Hi Dotty! Thanks for stopping by and sharing your comment. I know that many, many women can relate to what you’ve written about trusting God with our children. It’s hard to do, but God is faithful!
Your devotionals and various studies have helped me in so many situations. Learning to let God direct us and not think we have the answers can be very difficult at times. I thank God with all my heart for speaking through you to be so helpful to so many. 💜💖
Anita, you’ve blessed my heart today. I love that God has used my words to show you His love and grace all over your life. Thank you for encouraging me today.
Great thoughts Barb. As you described, we may be keeping someone from the conviction of God if we step in with advice or rescue. The hard part is the wait…
So true, Susan. The hard part is the wait – and also when they don’t want God’s help. Yet, we continue to trust God with our lives and pray for them.

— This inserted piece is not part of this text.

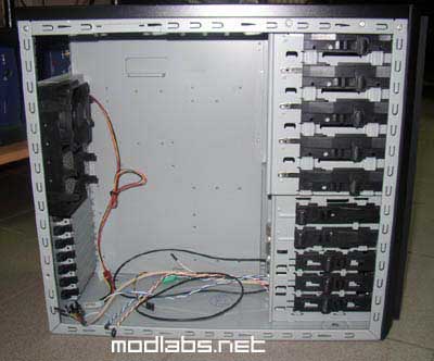 Although T50 is a typical middle-tower by its dimensions, it is equipped with five (!) 5.25" drive bays plus two 3.5" bays. Even Chiftec's DX series have four slots, and this case is smaller. That's truly a plenty of space for all your drives over there! Case is very well planned so inside there is room for dual cpu motherboard. Actually, T50 is positioned by manufacturer as a chassis for small server, but hardware enthusiasts will find it suitable for their needs.

I totally agree with you. I personally wanted to save my loved one over and over again. In doing that I did not allow God to do the work in him. God was the One constantly wanting the glory but I was sticking my noise where it did not belong. Hence I’ve allowed God to be God and I have peace.
Rhonda, that’s beautifully said!
I have used this technique and reread it multiple times to help me with my niece. She is 30 years old now and keeps making the same ill-fated decisions. It makes it so hard because she has children.
That’s wonderful, Kim! I’m so glad that God used this devotional to meet you where you are at.
Such good advice. My adopted daughter keeps making the same “stupid” mistakes over and over. I need to stop offering advice as it is never heeded, and you’re right, it opens the door to needing to help. Since she’s 27, I can’t bail her out any more. The help I’m giving at this point is raising her young daughter for her.
Hi Heather, thanks for stopping by and checking out the devotional. Yes, it’s so hard when someone we love struggles with making healthy decisions. It’s hard to watch them live in the consequences of their decisions. I’m glad that you recognize what is healthy, even though it isn’t easy.